С поднятым (не высоко) лицом, и грустно, и величественно».
Но только ли это? В любом случае женщине, которая, по словам Достоевского, никогда «не допускала равенства в отношениях», нужен был в мужья не гений (видала она их и на всю жизнь сыта была по горло!), а – муж-мальчик, муж-слуга. Однако задавленный и в детстве и отрочестве, жалкий, худой, несчастный, тонконогий, с красным лицом и неприятной лоснящейся кожей, с волосами прямо огненного цвета, которые «торчат кверху не благородным “ежом” (мужской характер), а какой-то поднимающейся волной», нелепый Вася Розанов, кого девица Суслова подобрала в Нижнем, отправила учиться в Москву в университет, а потом на себе женила, оказался на поверку совсем другим. Он не оправдал ее надежд и поломал ее жизненный сценарий, точно так же, как не оправдала его ожиданий она и не стала всепрощающей женой-матерью (какой станет вторая жена В. В. – Варвара Дмитриевна Бутягина). Они чудовищно ошиблись друг в друге оба, и никто не захотел, не смог, не сумел уступить!
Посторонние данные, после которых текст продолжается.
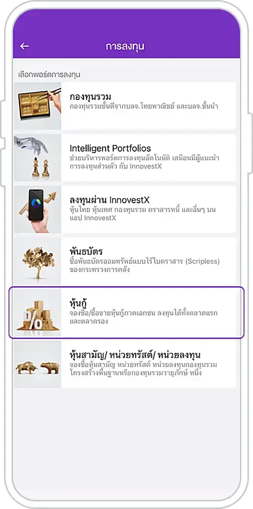 บัญชีหลักทรัพย์ และเลือกหุ้นกู้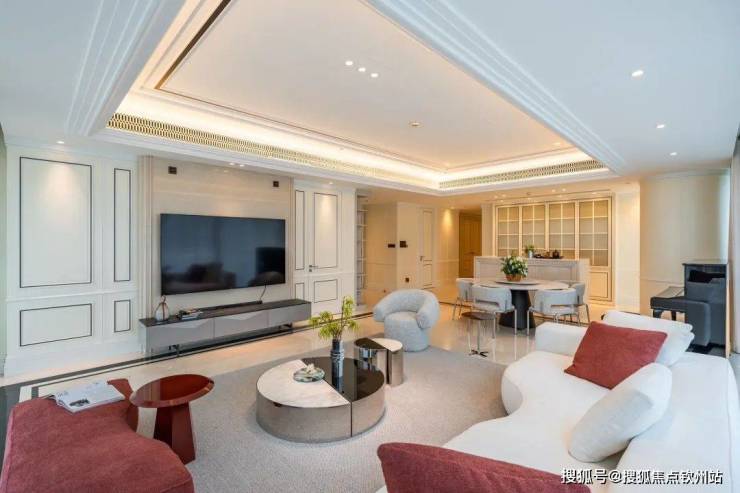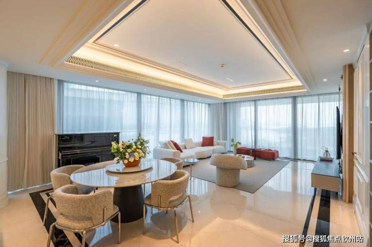 80平餐客厅,厅出50平大阳台,3.3米极限层高,透过270度无遮挡景观面,感一座城市的春夏秋冬

«Наделенная большим умом, сильным воображением, добрая в порывах, но и беспощадная со всяким, кто стал бы поперек ее желаний, иногда самых фантастических, она руководилась в жизни не реальными обстоятельствами и не действительными потребностями, но произволом воображения и часто прихотей» – так охарактеризовал Розанов впоследствии свою жену в прошении на высочайшее имя[14] (хотя в каком-то смысле это была и очень точная самооценка – именно таким был в действительности сам Василий Васильевич Розанов), впервые в жизни оказавшись замужней дамой, Аполлинария Прокофьевна пыталась вести в Брянске светскую жизнь, принимала в доме коллег своего мужа, которых, возможно, ставила выше его самого (или делала вид, что ставит), чем доводила болезненно самолюбивого Розанова до белого каления и своими руками готовила разрыв.